A research team led by scientists and doctors in Leicester and the Netherlands has shown that a urine test to measure how patients will take their medications will save the NHS money. The research, published in the journal  Hypertension , was conducted in collaboration between the University of Leicester, Leicester's Hospitals and University of Groningen, Netherlands

Hypertension, or high blood pressure, nearly one-third of the population. Between 30 and 50% of patients with hypertension do not take all their prescribed medications. This is called 'non-adherence'. It is estimated that this costs the NHS millions of pounds in managing poor outcomes and ordering costly tests to find out why patients' blood pressure is not reduced.

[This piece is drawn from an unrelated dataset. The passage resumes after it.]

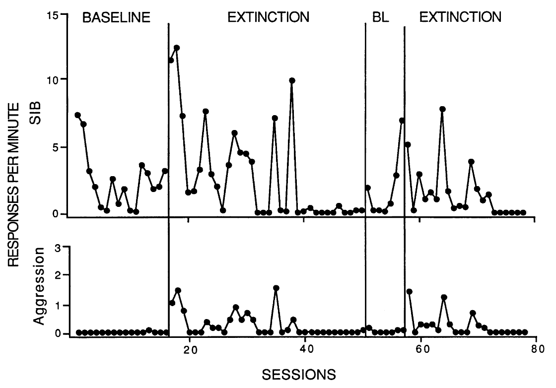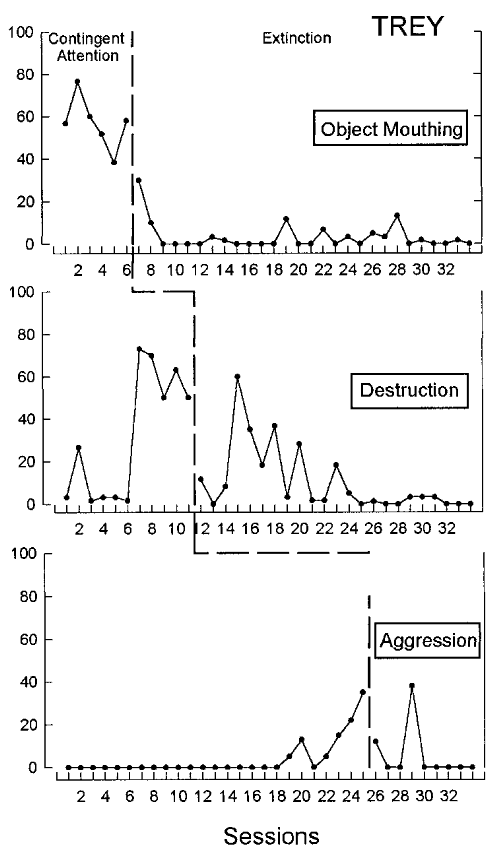 • multiple-baseline across behaviour design, in which extinction (withdrawing social attention) was applied

The team led by Dr. Pankaj Gupta and Dr. Prashanth Patel, based at the University of Leicester and Leicester's Hospitals, has developed an innovative screening test which detects non-adherence for 40 of the most commonly used blood pressure medications, all from a single urine sample. They have previously shown that they have positive test results with blood pressure by around 20 points (the equivalent of 2 new medications) the results of the tests were discussed with non-adherent patients.

Prescribed hypertension drugs

This study builds on from the previous research by modeling the health economics of using the test in patients with hypertension. The new study shows that performing the urine test would not only lead to improvements in the care of people with hypertension, but that is also very likely to be cost-effective.

Using the best available data, the modeling predicts that in a cohort of 10,000 sixty-five-year-old male hypertensive patients, using the urine test would save £ 495 per person screened, and prevent more than 500 heart attacks and 300 strokes. This is because non-adherence to prescribed hypertension drugs has been shown to correlate with a higher risk of cardiovascular events. The savings are thought to be even greater for younger hypertensive patients.

Dr. Pankaj Gupta the senior co-author of the paper from the University of Leicester's Department of Cardiovascular Sciences and Co-Director of the National Center for Drug Adherence Testing (NCAT) based at Leicester's Hospitals said: "Clinically we know that the urine test The new 2018 European Society of Cardiology (ESC) and the European Society of Hypertension (ESH) Guidelines have also recently supported the use of this novel test to assess non-adherence. We are very pleased to show that urine biochemical screening is extremely cost-effective and hence we can now recommend its wider adoption."

Dr. Prashanth Patel, a co-author of the paper, Co-Director of the NCAT and Honorary Senior Lecturer at the University of Leicester, said: "Non-adherence to medical expenses is not a problem. Our novel biochemical test is robust and simple to use in busy clinics," it also leads to adverse outcomes for patients.

The urine test was established in 2011 and NCAT receives samples from around 33 NHS hospitals across the UK. It is foreseen that with the new ESC-ESH guidelines and the results of this study the use of this test will be adopted by more hospitals and GP practices in the UK and abroad.

Professor Kamlesh Khunti, Professor of Primary Care Diabetes and Vascular Medicine at the University of Leicester, Director of the National Institute for Health Research (NIHR) CLAHRC East Midlands and co-author said: "Non-adherence is a major problem globally in people with chronic Conditions such as hypertension, diabetes, and heart disease The aging population is more likely to be the cause of the disease than the chronic condition."